26. Starting with the situation as at 13th October 2003, paragraph 9 Schedule 12 (dealing with transitional provisions) provides:-
“9.(1) This paragraph applies to an easement or profit a prendre which was an overriding interest in relation to a registered estate immediately before the coming into force of Schedule 3, but which would not fall within paragraph 3 of that Schedule if created after the coming into force of that Schedule.
(2) In relation to an interest to which this paragraph applies, Schedule 3 has effect as if the interest were not excluded from paragraph 3.”
The material easement in this case is (i) an overriding interest (ii) relating to a registered estate (iii) immediately before 13th October 2003 and (iv), it would not fall within paragraph 3 of Schedule 3 if created after 13th October 2003 because it would be an equitable easement and paragraph 3 of Schedule3 applies to legal easements. This is because an express easement which is not registered takes effect after 13th October 2003 as an equitable easement until it is registered: see s27(1)(2)(d) LRA 2002. These transitional provisions deal with a limited class of pre-October 2003 legal unregistered easements.

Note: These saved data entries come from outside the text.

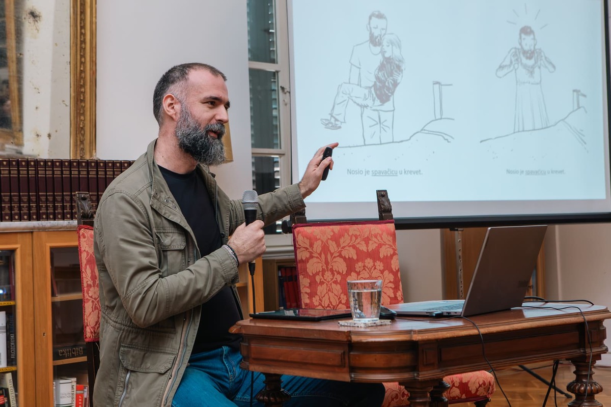 Govoreći o čestim jezičnim pogreškama, Sršen je pokazao i jednu vlastitu pogrešku koja je nastala prilikom prijevoda stranog stripa. „Svi ponekad griješimo. Važno je ne biti prestrog, ali je važno i poštovati hrvatski standardni jezik“, poručio je Sršen.
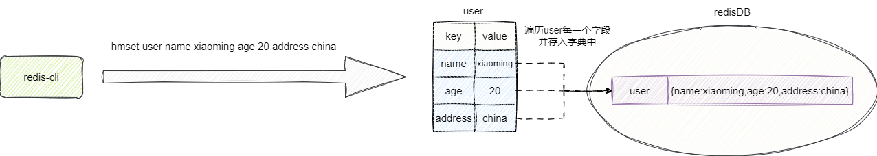 字典底层实现的编码有两种,默认情况下是压缩列表也就是ziplist,一旦字符串长度超过阈值就会转为hashTable,而本文对于字典指令的操作都是基于hashTable,我们先来说说字典的第一个操作,也就是hset 指令例如我们希望创建的名为user的哈希,这个哈希中包含一个name为xiaoming的键值对,对应的操作示例就是:
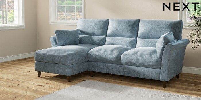 7.2.6 Buy Hartley Highback Relaxed Sit Medium Sofa Chaise - Left Hand Plush Chenille Light Blue Low Conical - Mid from the Laura Ashley online shop Click here to use our website with more accessibility support, for example screen readers
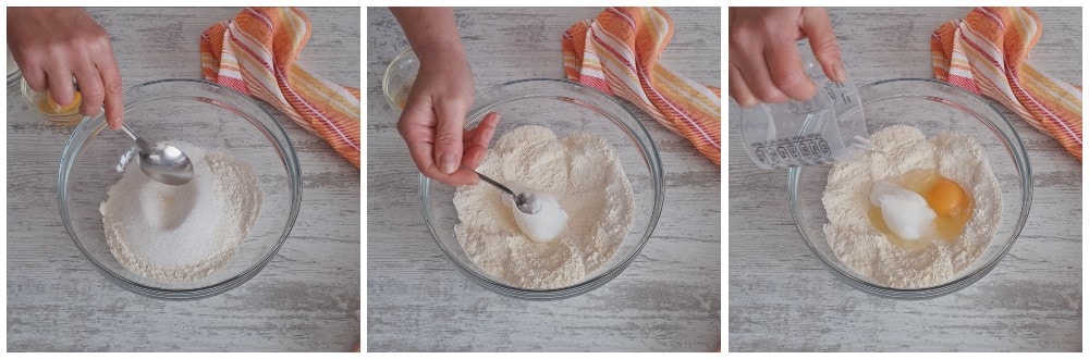 • Mix the semolina flour, all-purpose flour, and sugar in a bowl.
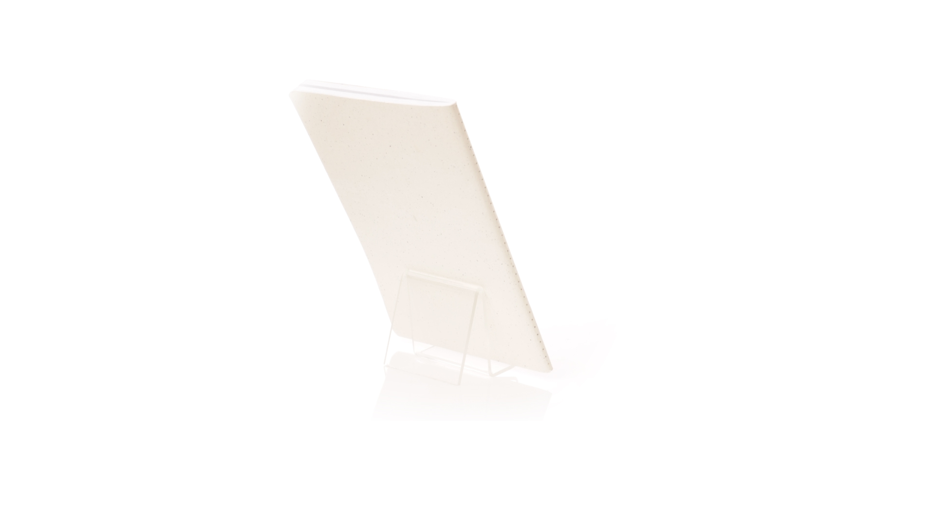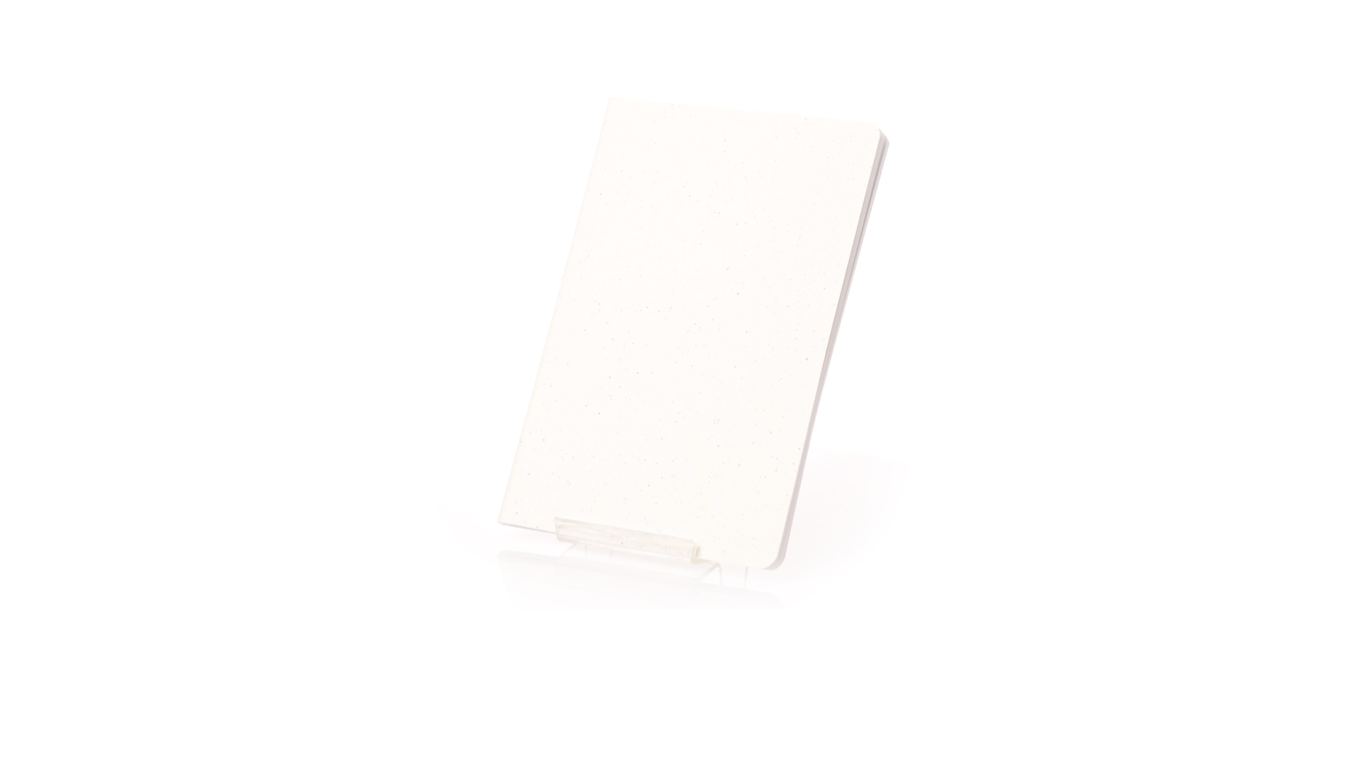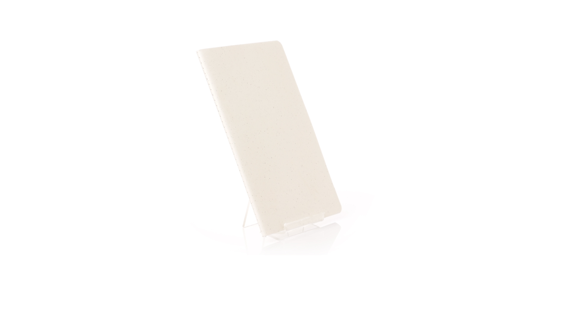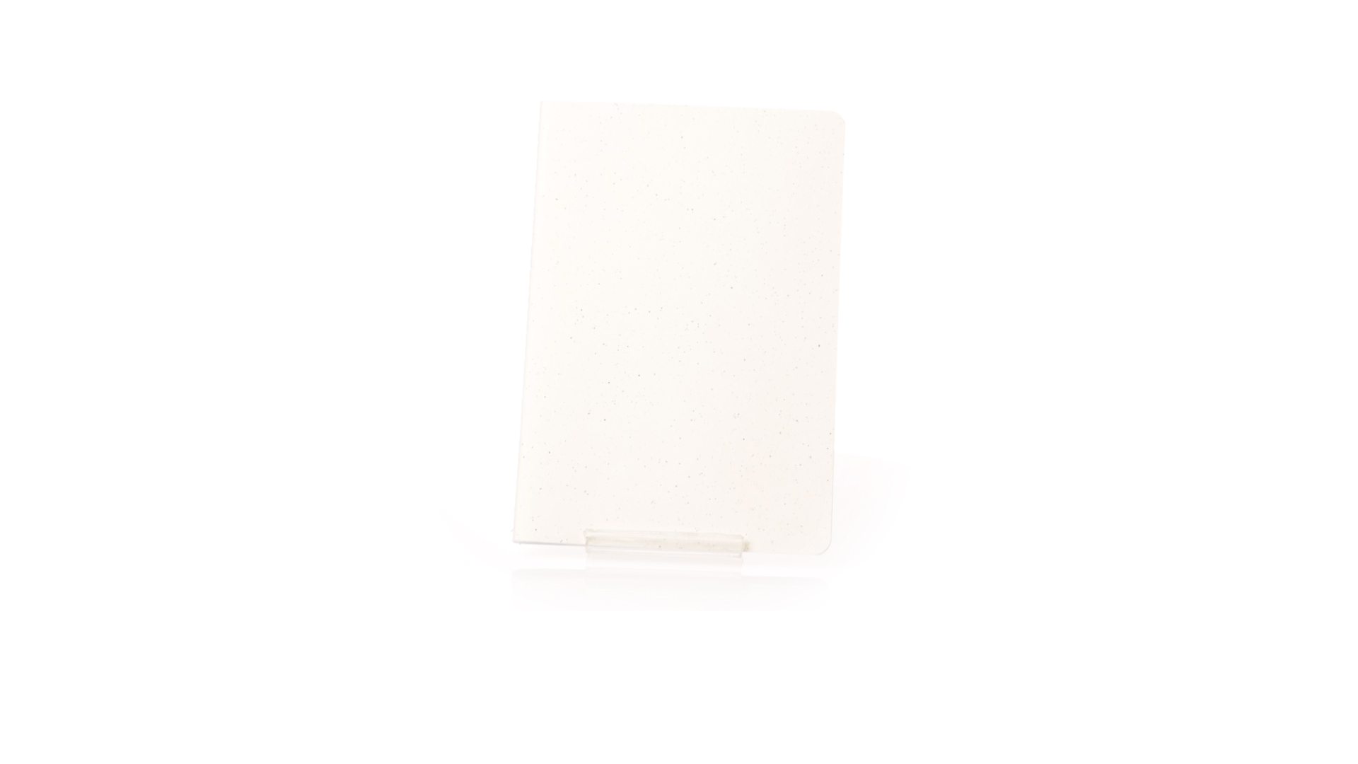 Notizbuch mit Einband aus recyceltem Karton und passender Heftung am Rücken. Innen mit 60 einfachen weissen Seiten. Präsentiert in einer individuellen, recycelten Tasche.
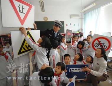 竞报讯(记者 钱昊安)昨天下午,在崇文小学里,几名三年级的学生正在舞台上表演“识交通标志”话剧。据崇文交通支队副支队长高云祥介绍,崇文区在全市率先将交通安全课正式列入三所小学的校本课程,每个学校每个月将开一次交通安全课。今后,将在全区28所中小学中推广开来,其中,在小学三年级以后,将采用模拟交通情景教学。
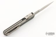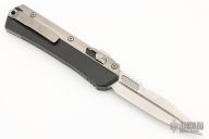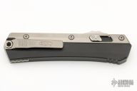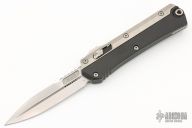 This Glykon by Microtech features a stonewashed double edged blade with fullers and notched thumbrest. The handle has a black aluminum chassis with bead blasted titanium overlays and tip down clip. Comes with original box and papers. Dated 01/2023 and #271.   Excellent condition.
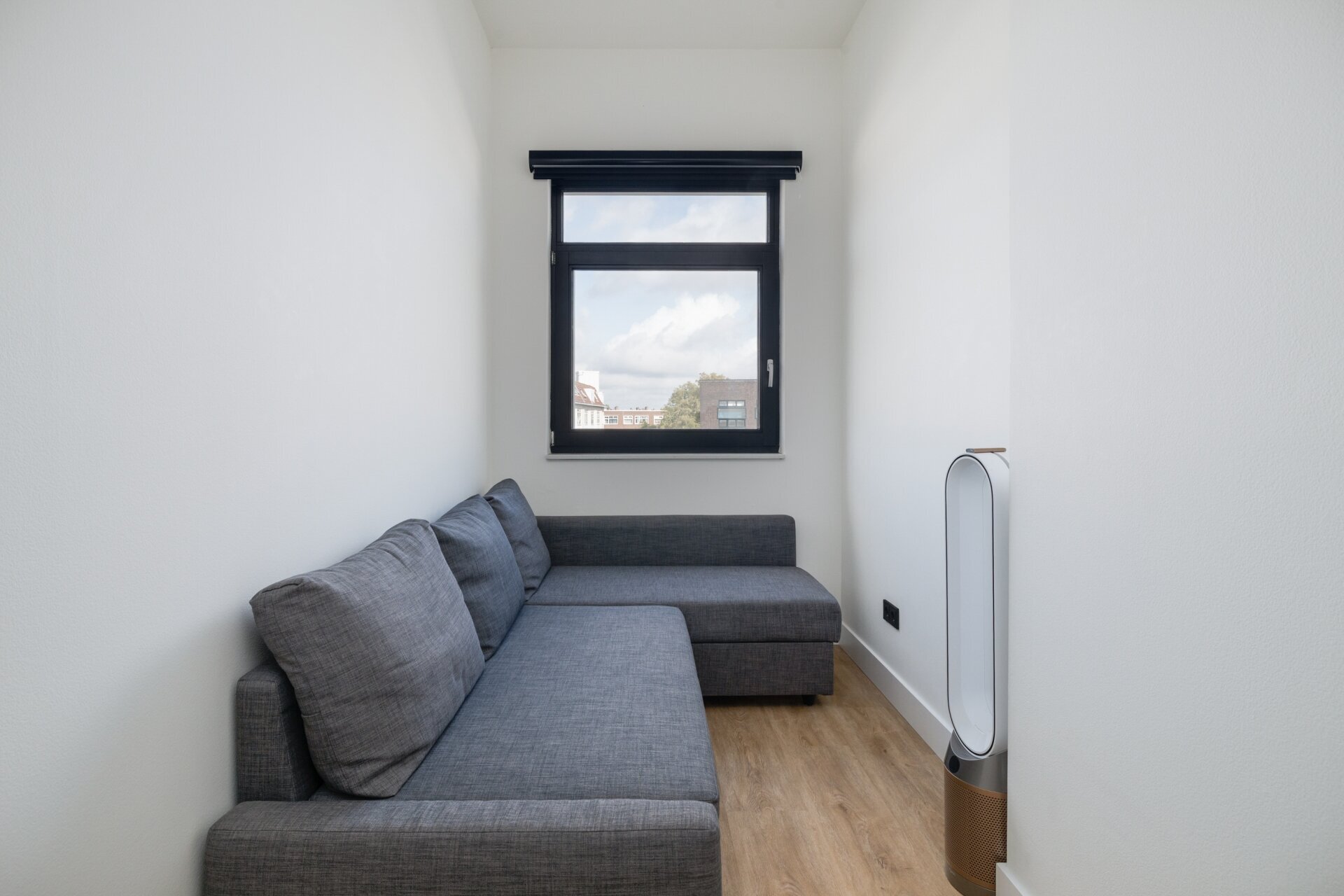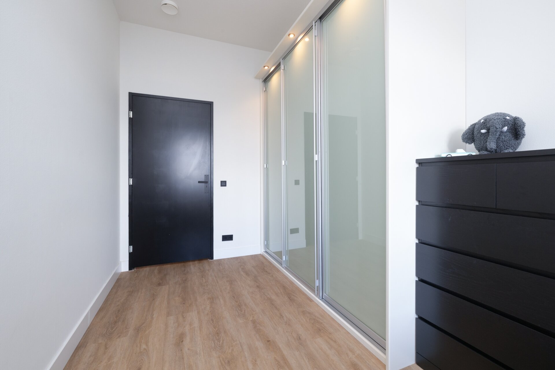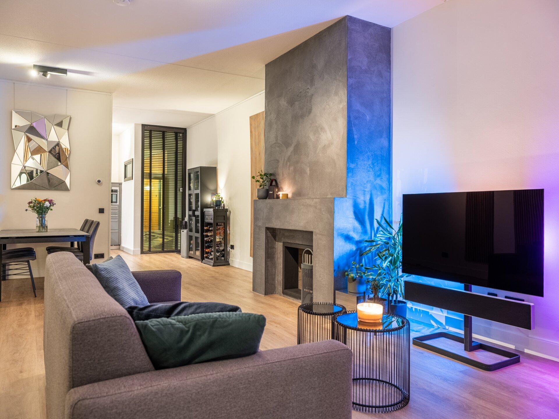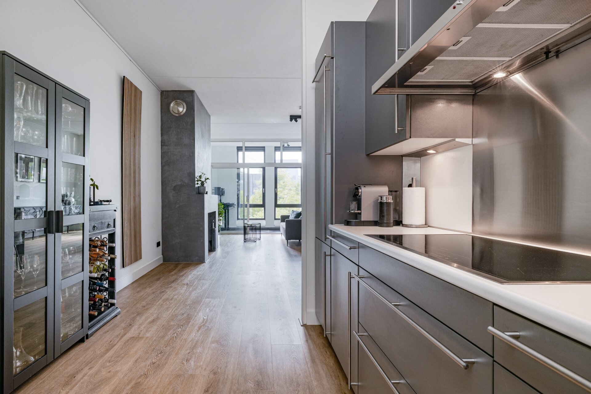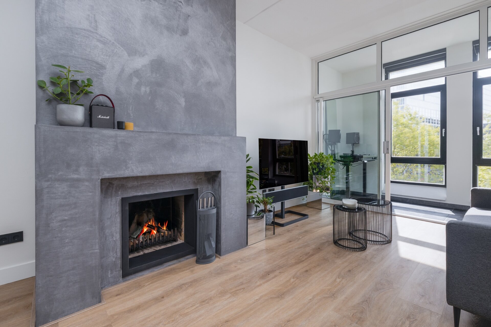 Zodra je de woonkamer betreedt, word je overvallen door een gevoel van ruimte en rust. De 3 meter hoge plafonds geven niet alleen letterlijk lucht, maar zorgen ook voor een indrukwekkend gevoel van grandeur. Het daglicht stroomt royaal binnen via de grote raampartijen, waardoor elke hoek van de kamer baadt in een zachte, natuurlijke gloed. De moderne afwerking met bijvoorbeeld een PVC vloer (gelegd in 2021 met vloerverwarming) maakt dit een interieur waar je niet snel op uitgekeken raakt. En wanneer de dagen korter worden? Dan zorgt de open haard, houtgestookt en sfeervol, voor knusse avonden met een goed glas wijn en het knisperen van vuur op de achtergrond. Het comfort wordt gecompleteerd door vloerverwarming in het hele appartement (behoudens de badkamer): aangenaam warm zonder radiatoren die het zicht verstoren.
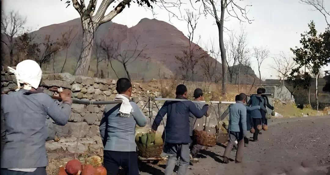 这一担子看着是蔬菜瓜果,其实底下垫着旧棉絮,软绵绵的,震不碎易响的零件,民兵挑着过村口,跟老乡打个照面,嘴里还叼着草根装糊涂,等人背影走远才把担子往沟下一放,手背在裤腿上抹一把汗,路继续赶。
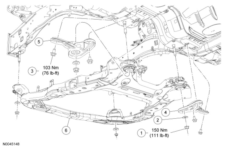 13. NOTE: The steering gear is not removed with the front subframe and must be positioned aside.
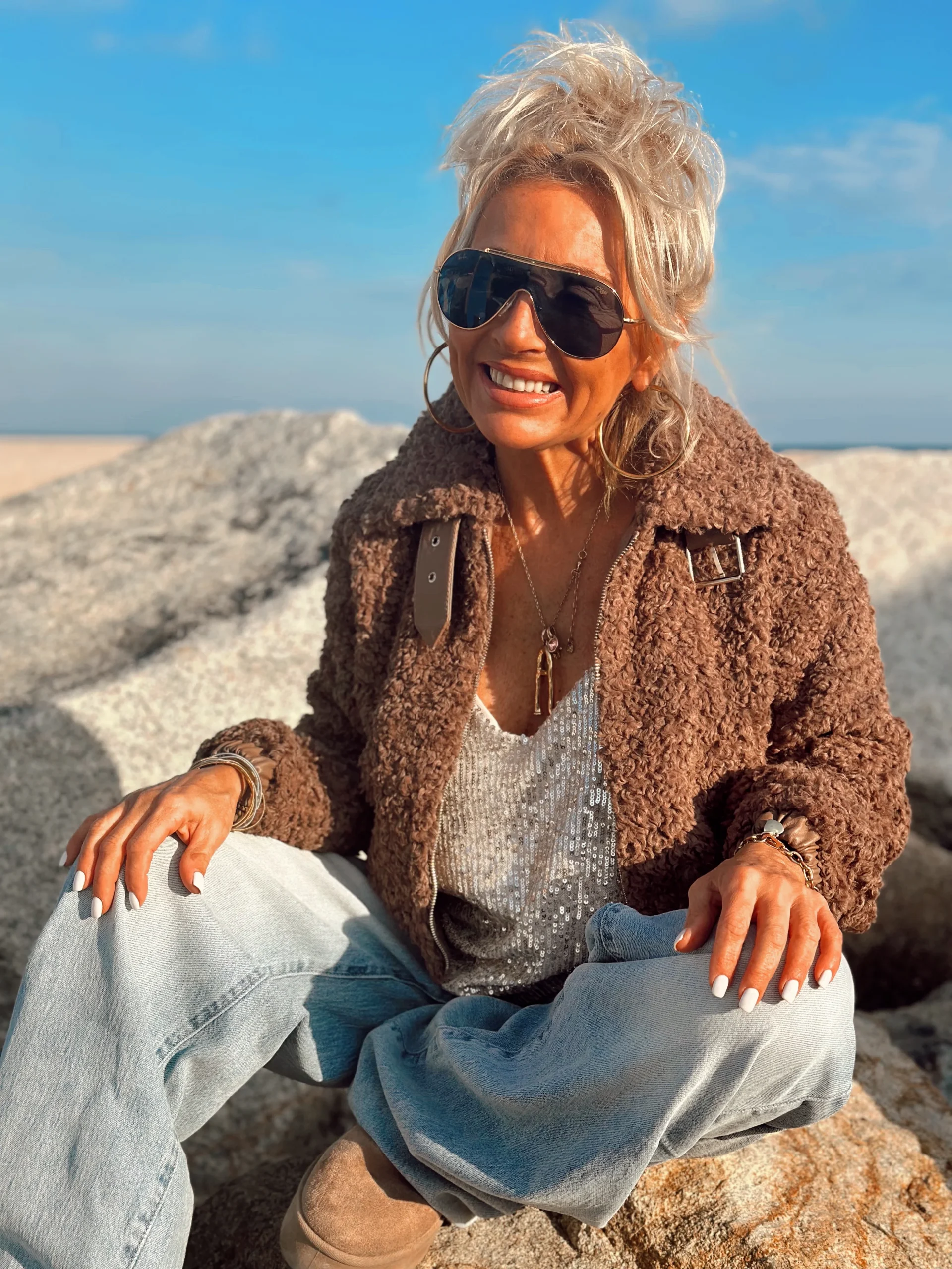 CHAQUETA GAMUZA DE PELO SINTÉTICO REVERSIBLE MARRON
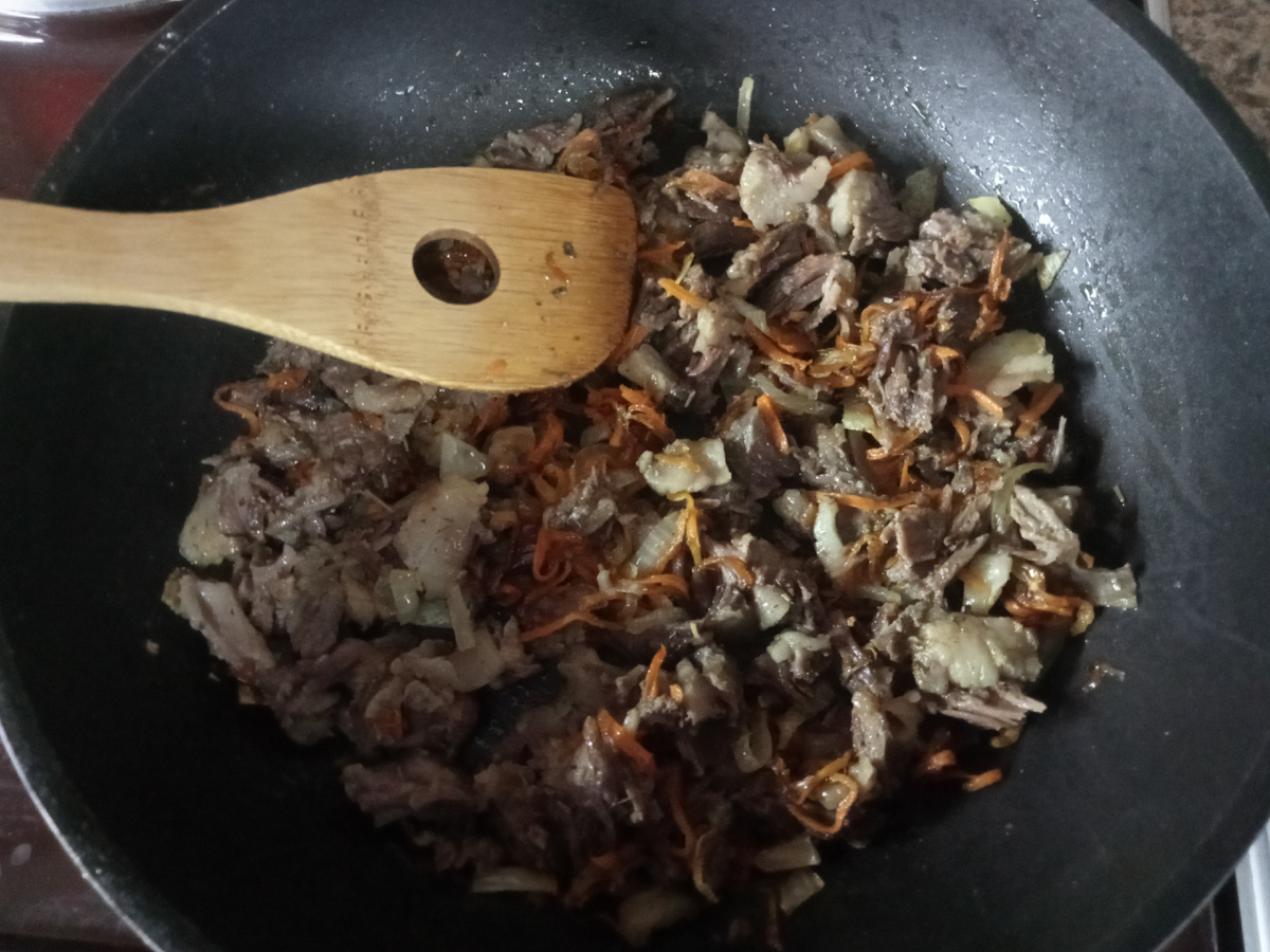 В холодильнике стоял вчерашний бульон из говядины. Предполагалось что это будет рассольник, давненько не варила суп. После посиделок с девчатами из группы танцев не хотелось заниматься готовкой. Однако ужин никто не отменял, хотя пара килограммов к зиме уже добавилась. Сын хвалился пирогами, сделанными из готовых покупных лепёшек. Купила и я такие. Почему-то решила приготовить на сковороде прямо на плите. Достала из бульона варёное мясо, нарезала мелко, добавила морковь, лук и всё это чуть обжарила. Лепёшек в упаковке четыре, но начинки было маловато. Использовала только три штуки. На смазанную маслом сковородку положила одну, сверху часть начинки. Немного присыпала тёртым колбасным сыром Затем ещё одну лепешку. Её пропитала яично- молочной смесью. Распределила остатки мяса. Накрыла третьей лепёшкой, вылила сверху оставшуюся жидкость и опять натерла немного сыра. Жарила под крышкой. Признаюсь, что не рассчитала время и пирог прилично так подгорел. Аккуратно перевернула, перекинув в

27. Therefore, the Applicants submit, paragraph 9(2) continues to apply, and “Schedule 3 has effect as if the interest were not excluded from paragraph 3” ie paragraph 3 of Schedule 3 includes as a class of overriding interests those easements which fall within paragraph 9 Schedule 12. In support Mr Diggle cites a number of supporting commentaries, for example Harpum and Bignell’s Registered Land (1st ed 2004), see chapter 11. At 11.13 the authors note that after the 2002 Act comes into force the only legal easements which override a registered disposition are those which are in existence when the 2002 Act comes into effect, but are not registered, as in this case (and those which subsequently arise by prescription or implied grant, which does not arise for consideration). At 11.14 the authors set out four alternative legal easements which will override a registrable disposition after the 2002 Act applies and these are based on paragraph 3 of Schedule 3 [20], as to which Mr Diggle made further submissions which I deal with below. Further, his position is supported by 11.18 which refers to Schedule 12 paragraph 9 as providing that “any easement or profit that was an overriding interest immediately before the Act came into force .. will retain that status”. Exactly the same conclusion is reached (unsurprisingly) by the authors of Megarry & Wade, Law of Real Property, 7th ed at para 7-098, footnote 659, see also Wolstenholme & Cherry’s Annotated Land Registration Act 2002, p201, p152, and Ruoff & Roper Registered Conveyancing 17.023.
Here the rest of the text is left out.